Financial literacy, an umbrella term representing an abundance of finance-based knowledge areas, ultimately refers to the understanding on which individuals base their financial decisions. It is a critical concept for students to grasp early, as it shapes financial decision-making and remains an essential life skill into adulthood.
“A basic understanding of personal financial literacy is critical,” said Munday. “If you think about some of the most important decisions you’re ever going to make at a young age, they can be costly if you’re unable to appreciate the immediate cost of those decisions.”
For example, students often decide to finance their education before they are old enough to open their own bank account at 18. Early financial decisions significantly influence long-term financial success, due to the concept of “time in the market,” which benefits from compound interest.
Consider a person with an initial investment of 1,000 dollars contributing 200 dollars monthly to an Exchange Traded Fund (ETF) tracking the S&P 500, the index of the top 500 companies in the US. At the index’s average return of about 10 percent, someone investing from the age of 20 to 60 years old would retire with $1.1 million. Investing at age 30 would yield only $412,000, and beginning at age 40 would yield $144,000.
“What’s really important about this statistic is that 50 percent of that wealth generation would come from investments made in their 20s. Through the power of compound interest, saving early really pays off,” said Munday.
Starting investments even five to ten years earlier can make a drastic improvement in one’s return on investment, underscoring the importance of Gen Z achieving financial literacy earlier in life.
However, schools do not widely emphasize financial literacy, harming Gen Z. The Financial Industry Regulatory Authority (FINRA) found that only 24 percent of Gen Z respondents could answer basic financial literacy questions.
“The school system doesn’t necessarily teach finance. Economics is still just an elective, and it doesn’t necessarily teach personal financial literacy,” said freshman Arjun Garg. “Most students don’t even focus on learning while they’re being educated.”
Currently, 26 states require financial literacy courses for graduation, but this information taught in these classes are often rubbed off as not important, depriving students of the ability to apply financial knowledge to real-world situations.

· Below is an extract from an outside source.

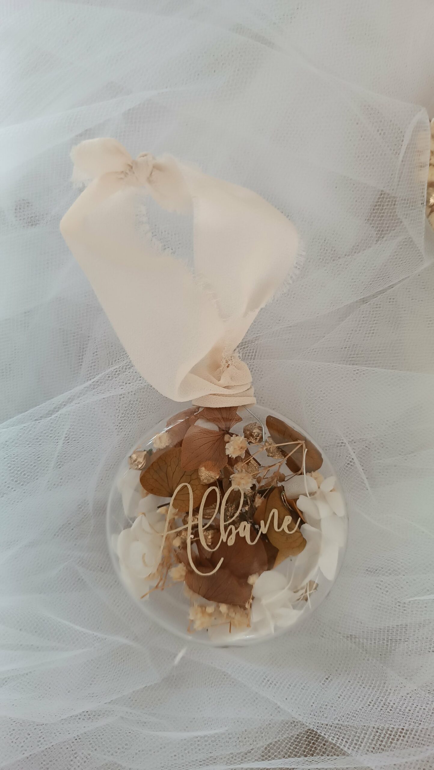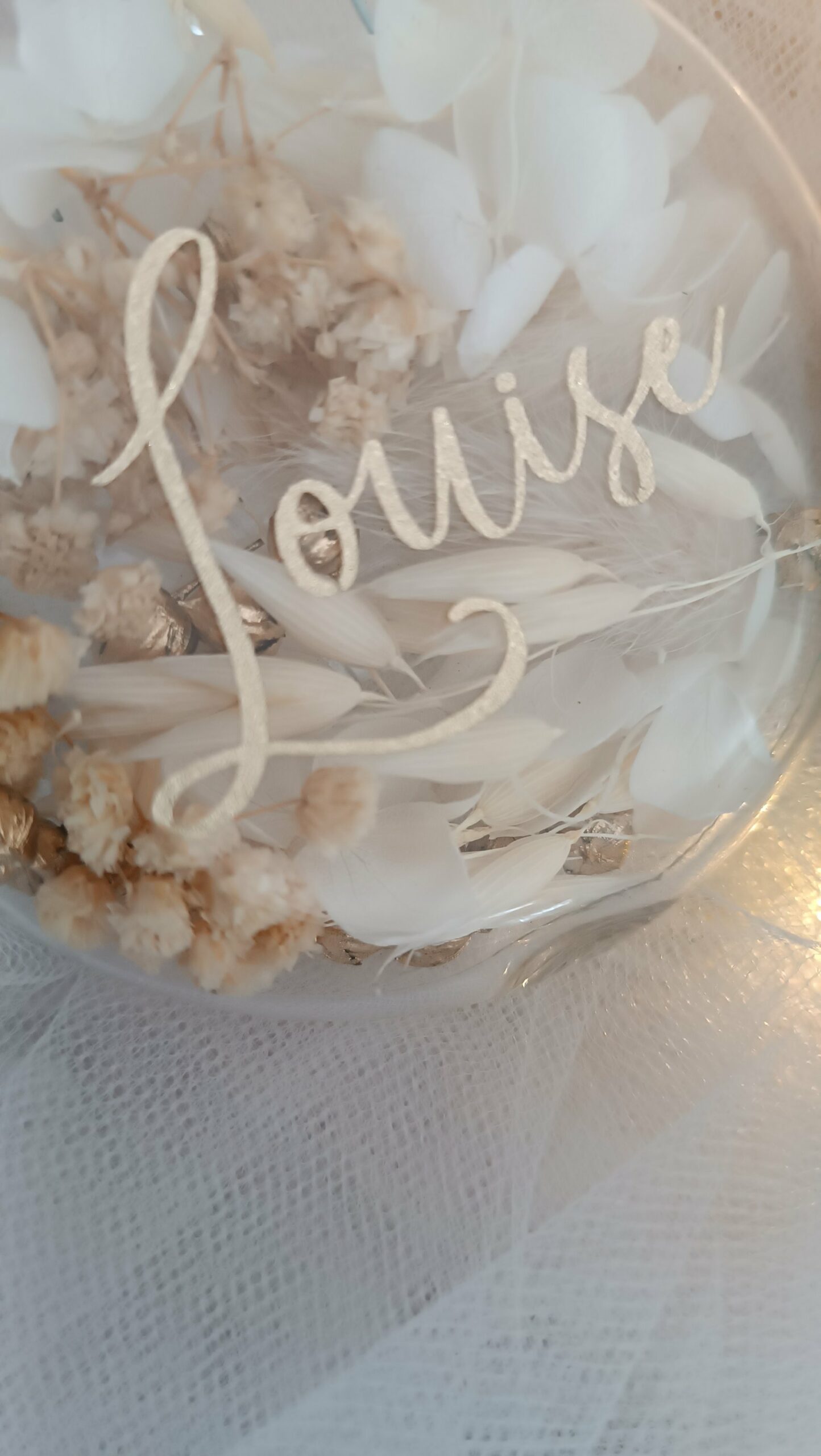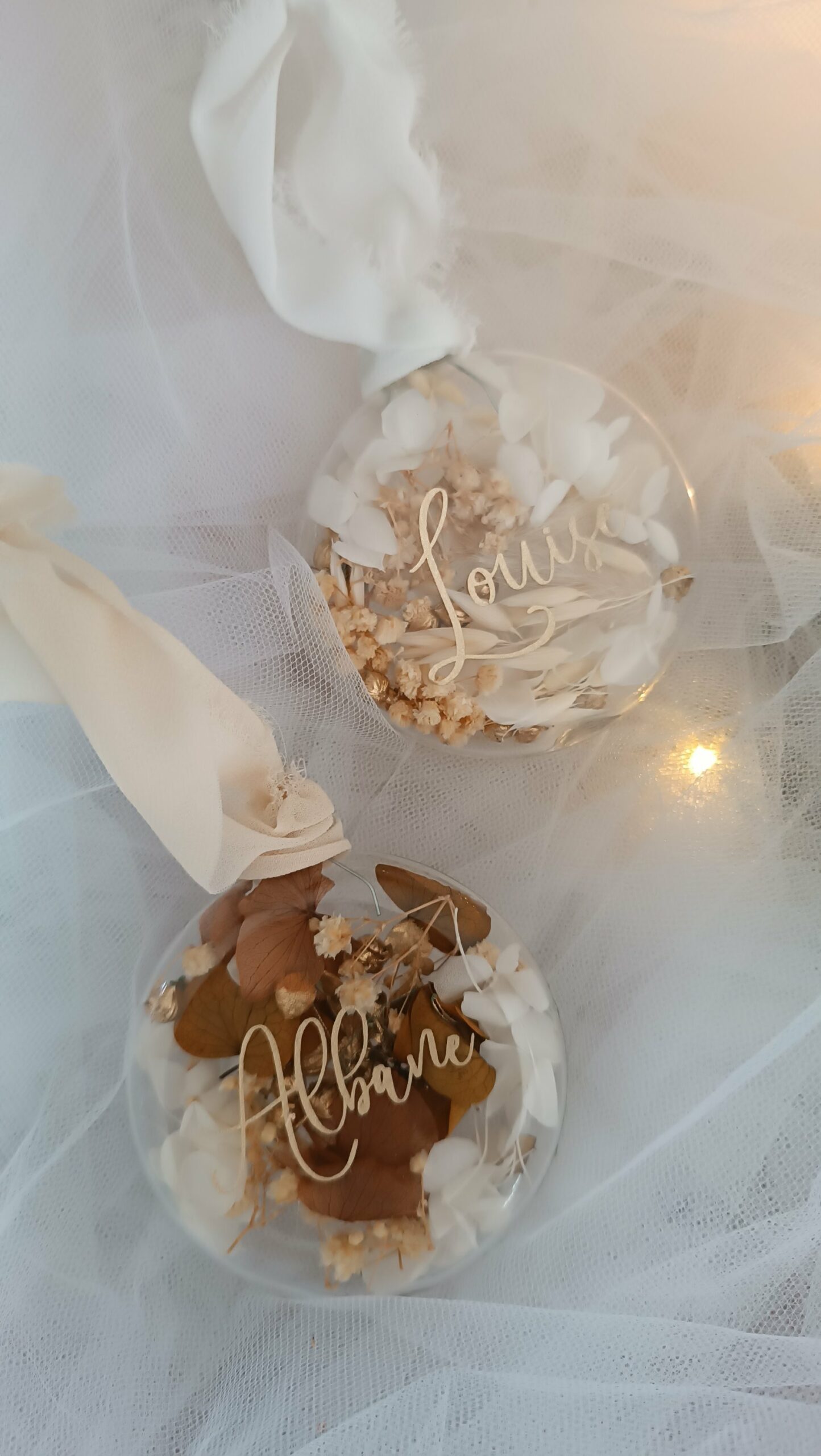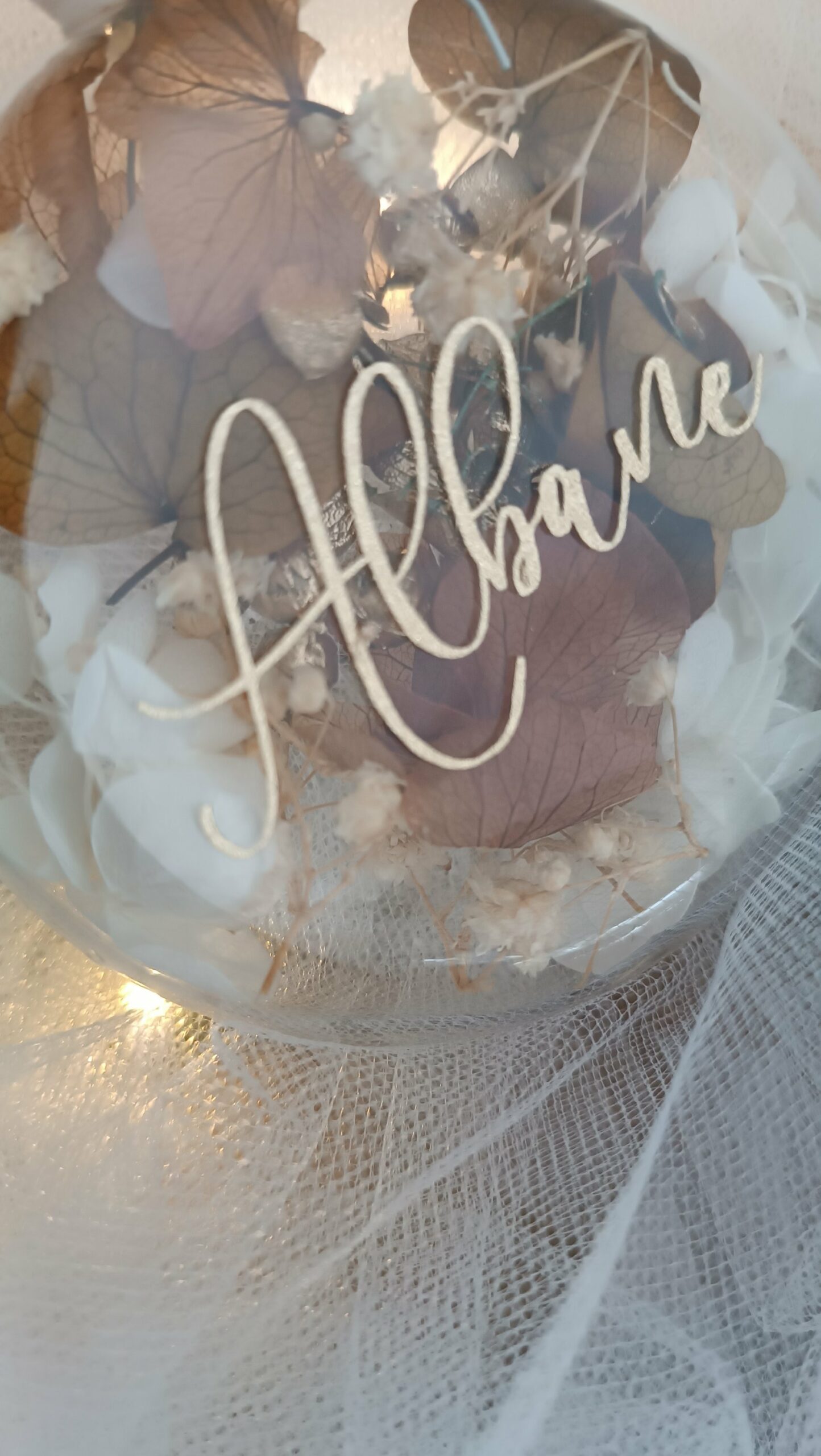 À l’intérieur, un délicat mélange de fleurs séchées naturelles, dans les couleurs de votre choix, compose une scène florale poétique. Le tout est sublimé par un prénom personnalisé – soigneusement apposé à l’intérieur de la boule – pour une décoration unique qui vous ressemble.

Schools tend to emphasize microeconomics and macroeconomics principles without teaching students to apply them daily or indicating the nuances of economics.
“Even Westminster is an example,” said Munday. “We have economics electives, but those are not personal finance courses. You could take these courses and still not know everything you need to know about your own personal finances because it’s not the same thing. The lack of financial literacy requirements means people do not learn about the subject until they are in the workforce and have to make these decisions for themselves for the first time.”
While the 26-state requirement is a positive step, there is much to be done to equip students with the resources they need to be financially responsible and successful throughout their adult lives. Potential improvements include teaching with engaging methods, introducing financial education earlier, and embedding these values into school curriculums.
At Westminster, the Westminster Business Leaders Club promotes financial literacy through the Wharton Investment Challenge and DECA. These business competitions cover elements of finance such as investing, business growth, and personal finance. The club also hosts guest speakers to educate its members.
“We aim to promote financial literacy by hosting weekly meetings during club time,” said sophomore Olivia Wei, a lead of the Westminster Business Leaders co-curricular. “We’re also hosting a lot of speakers to come next semester to talk about different jobs in the financial world and how you can learn to invest.”
Competitions, meetings, and guest speakers promote financial literacy across the Westminster campus.
Social media has also profoundly impacted Gen Z’s financial literacy, with 90 percent of Gen Z reporting use of social media.
“Social media has made learning financial literacy harder,” said Garg. “Shortened attention spans make it difficult to emphasize the importance of lifelong financial responsibility.”
However, social media can also be a powerful tool for introducing financial concepts.
“Gen Z in particular is turning more to social media to learn more about [financial literacy],” said Munday. “A survey by the Wall Street Zen found that 76 percent of Gen Z learn about personal finance from social media from platforms like TikTok, YouTube, and Reddit. These [sources] can be good and bad in terms of obtaining information, but I think in terms of an initial entry into learning about the complexities of financial literacy, there are lots of avenues geared towards the interest areas of younger demographics,” said Munday.